Aim of the task: For every line that contains the string "wagons", pull that line out of the material below.
(Beginning of Extracted records)
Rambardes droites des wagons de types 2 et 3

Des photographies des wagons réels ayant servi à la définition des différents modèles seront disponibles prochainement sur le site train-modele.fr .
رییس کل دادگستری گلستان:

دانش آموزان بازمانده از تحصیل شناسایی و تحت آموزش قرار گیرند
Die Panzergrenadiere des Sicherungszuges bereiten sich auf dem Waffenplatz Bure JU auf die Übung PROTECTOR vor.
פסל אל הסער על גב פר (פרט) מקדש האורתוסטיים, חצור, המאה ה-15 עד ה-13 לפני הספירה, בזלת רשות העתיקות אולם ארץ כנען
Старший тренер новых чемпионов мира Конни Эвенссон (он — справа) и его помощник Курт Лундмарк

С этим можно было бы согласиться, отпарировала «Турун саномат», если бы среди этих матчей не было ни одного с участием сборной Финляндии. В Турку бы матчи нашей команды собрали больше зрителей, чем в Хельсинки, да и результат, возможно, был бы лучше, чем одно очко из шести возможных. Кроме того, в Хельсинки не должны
(End of Extracted records)
(Beginning of Extracted records)
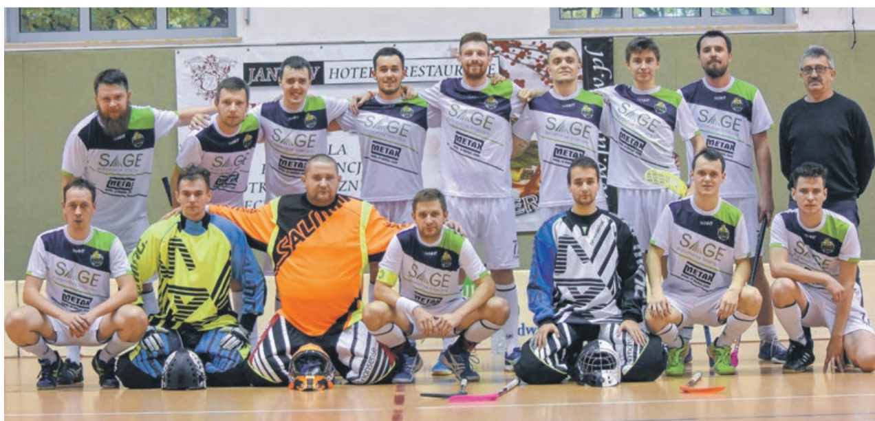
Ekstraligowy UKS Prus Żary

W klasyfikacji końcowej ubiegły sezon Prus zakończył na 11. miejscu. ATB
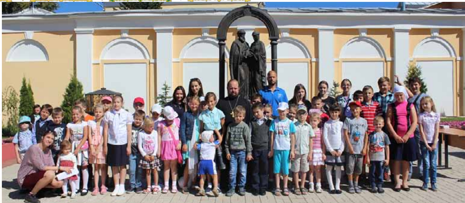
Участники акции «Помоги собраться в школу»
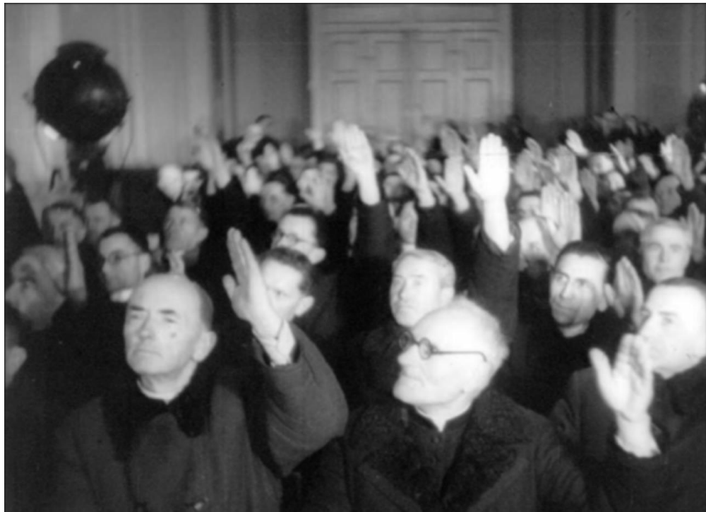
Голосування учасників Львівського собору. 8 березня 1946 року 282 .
(End of Extracted records)
(Beginning of Extracted records)
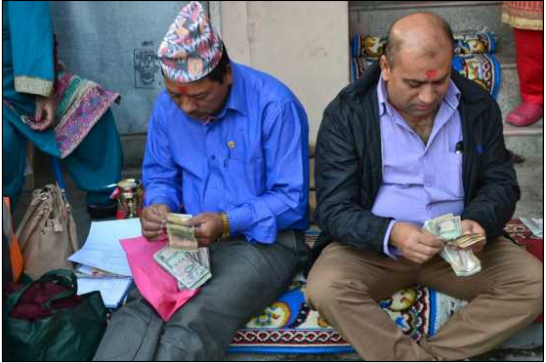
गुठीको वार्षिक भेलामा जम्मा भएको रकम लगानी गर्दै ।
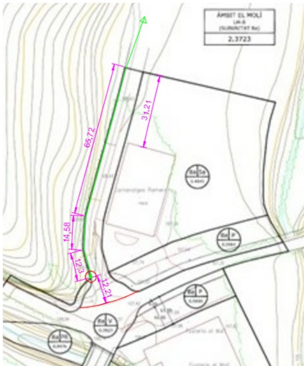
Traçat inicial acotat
(End of Extracted records)
Solution:
Rambardes droites des wagons de types 2 et 3
Des photographies des wagons réels ayant servi à la définition des différents modèles seront disponibles prochainement sur le site train-modele.fr .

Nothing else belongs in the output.